START THE DATA
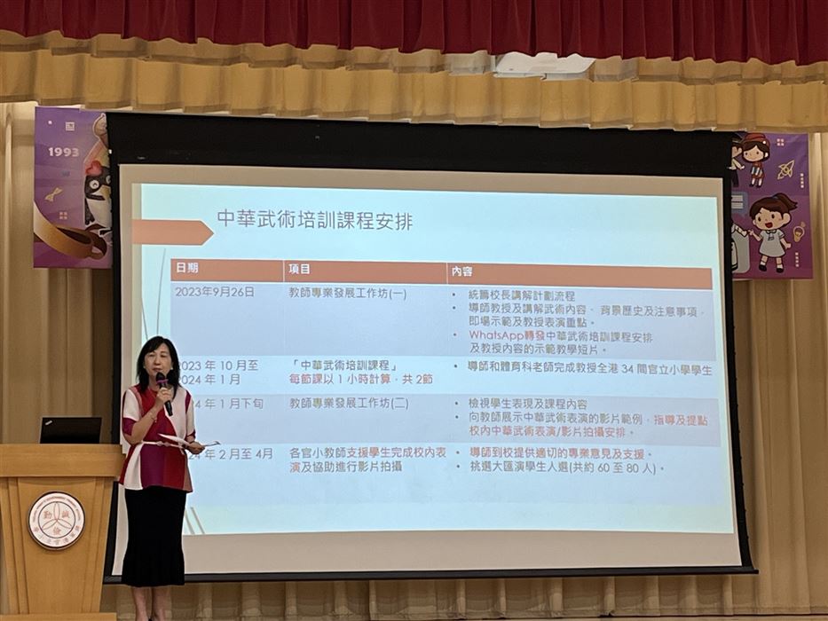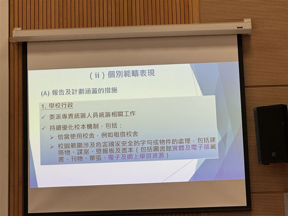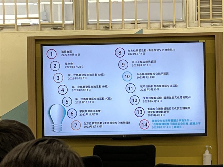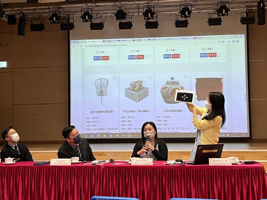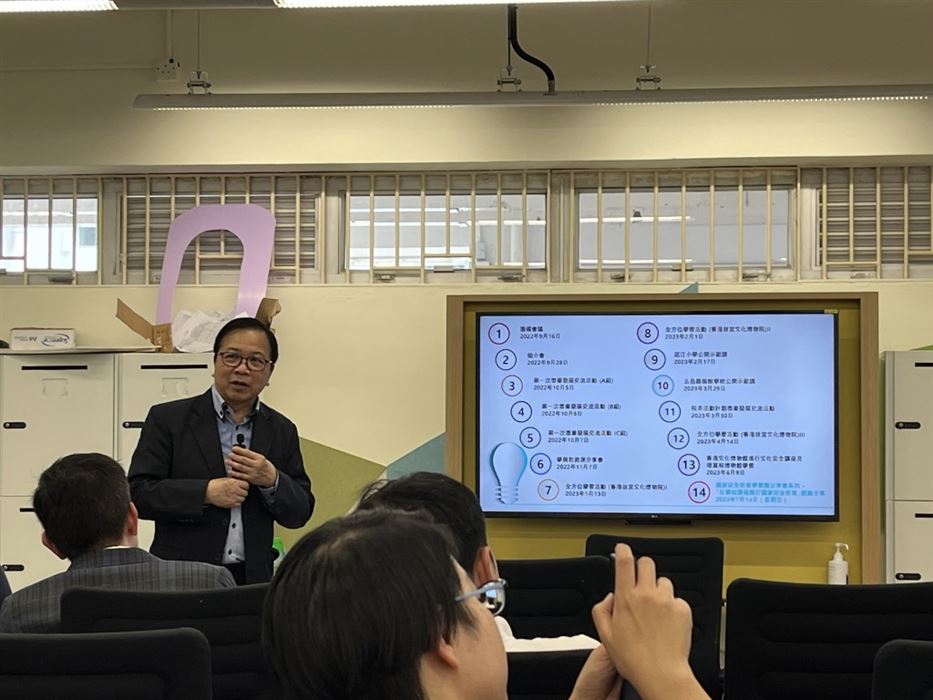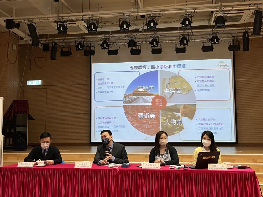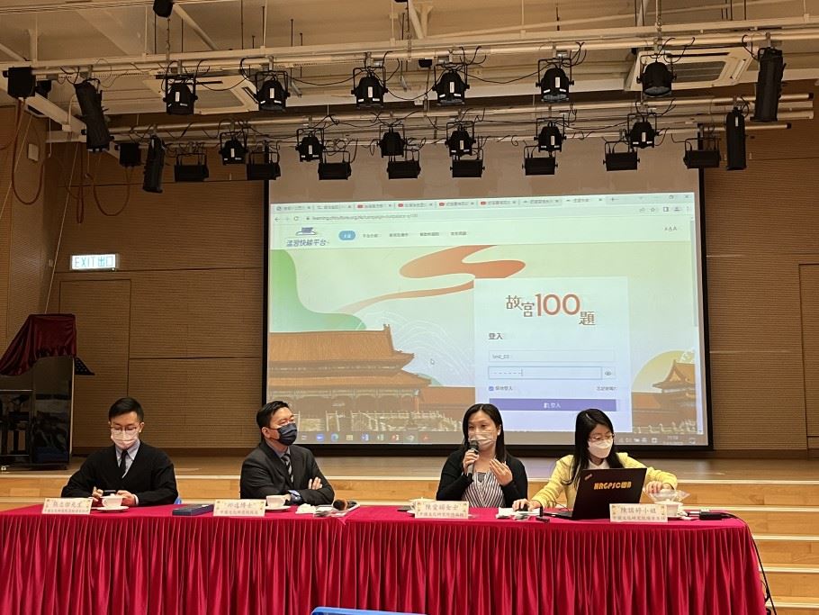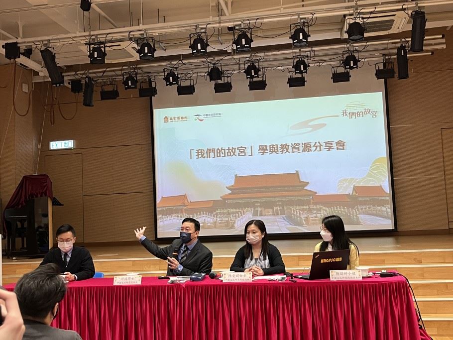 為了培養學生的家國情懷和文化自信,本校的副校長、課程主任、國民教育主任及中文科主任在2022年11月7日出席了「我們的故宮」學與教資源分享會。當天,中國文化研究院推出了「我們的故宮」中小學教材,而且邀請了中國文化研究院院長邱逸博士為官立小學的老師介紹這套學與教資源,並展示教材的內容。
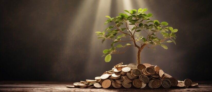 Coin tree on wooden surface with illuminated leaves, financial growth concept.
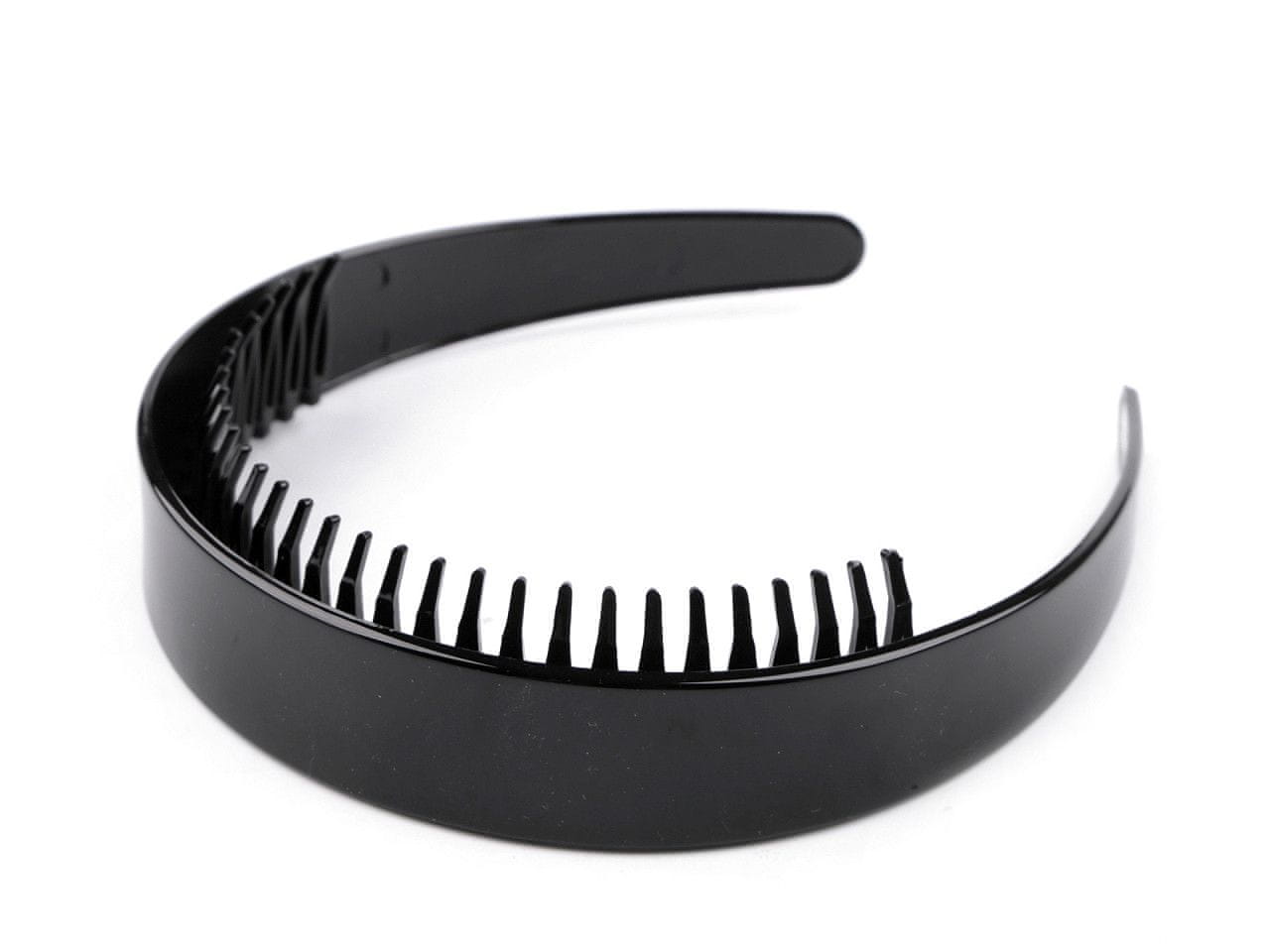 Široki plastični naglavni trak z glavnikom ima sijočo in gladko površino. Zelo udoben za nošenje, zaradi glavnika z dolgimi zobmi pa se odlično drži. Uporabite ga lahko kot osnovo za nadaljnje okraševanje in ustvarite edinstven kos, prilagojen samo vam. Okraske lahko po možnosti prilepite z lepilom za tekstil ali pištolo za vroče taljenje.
END THE DATA
▶ _TASK DESCRIPTION_
Please return each line of the listing exactly as written, excluding the images.

▶ _EXERCISE SOLUTION_
 為了培養學生的家國情懷和文化自信,本校的副校長、課程主任、國民教育主任及中文科主任在2022年11月7日出席了「我們的故宮」學與教資源分享會。當天,中國文化研究院推出了「我們的故宮」中小學教材,而且邀請了中國文化研究院院長邱逸博士為官立小學的老師介紹這套學與教資源,並展示教材的內容。
 Coin tree on wooden surface with illuminated leaves, financial growth concept.
 Široki plastični naglavni trak z glavnikom ima sijočo in gladko površino. Zelo udoben za nošenje, zaradi glavnika z dolgimi zobmi pa se odlično drži. Uporabite ga lahko kot osnovo za nadaljnje okraševanje in ustvarite edinstven kos, prilagojen samo vam. Okraske lahko po možnosti prilepite z lepilom za tekstil ali pištolo za vroče taljenje.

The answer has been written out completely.